To use abstraction, we must first import the ABC
method from the abc
module. The unique thing about abstract classes is that they don’t have any implementation of their own, so the subclasses that inherit from them must have their own implementation of the method.
from abc import ABC
class Phone(ABC):
def battery_capacity(self):
pass
class Andriod(Phone):
def battery_capacity(self):
print("My LC7 battery is 6k mAh")
class Iphone(Phone):
def battery_capacity(self):
print('My iPhone 13 battery is 5k mAh')
class Pixel(Phone):
def battery_capacity(self):
print('My Pixel 7 battery is 4.3k mAh')
lc7 = Andriod()
iphone = Iphone()
pixel = Pixel()
lc7.battery_capacity()
iphone.battery_capacity()
pixel.battery_capacity()
Here, we have an abstract class Phone
, signaled by the label ABC
. The class Phone
has an abstract method called battery_capacity()

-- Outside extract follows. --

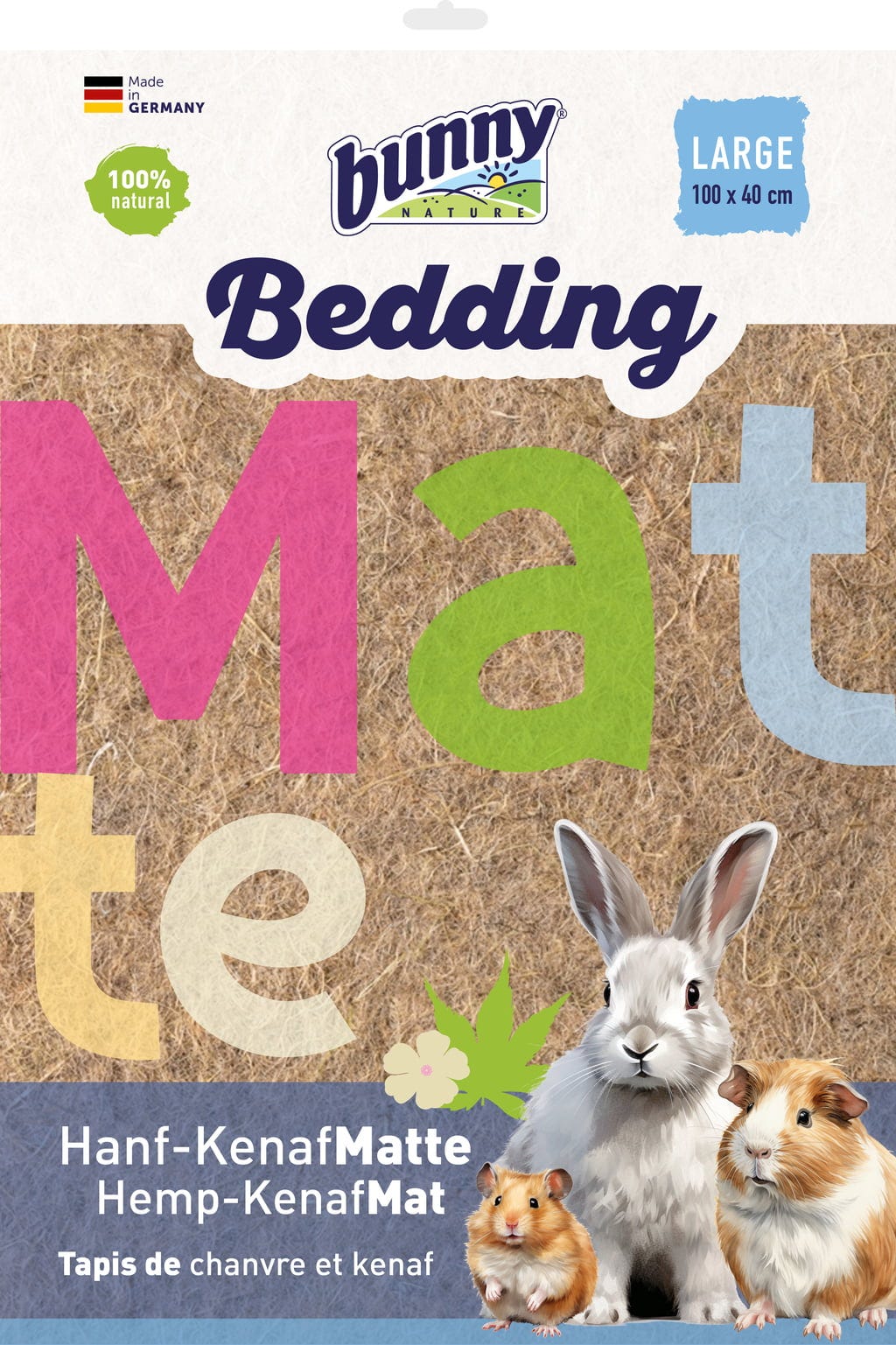- Vysokokvalitná obojstranná podložka z prírodných konopných a kenafových vlákien pre trpasličie králiky a hlodavce

, but it has no definition because abstract methods are not defined. They remain empty, forcing the subclasses that are inheriting the abstract class to provide their own implementation for the method, as shown in the example.
OOP is a powerful programming paradigm with several benefits. Because it relies on real-world, concrete objects, it is therefore very relatable and easy to visualize. The concepts of objects, inheritance, and abstraction relate very closely to real-world experiences, as we have seen in the examples above. With OOP, programmers can write reusable code and large programs become far less complicated to work with or debug.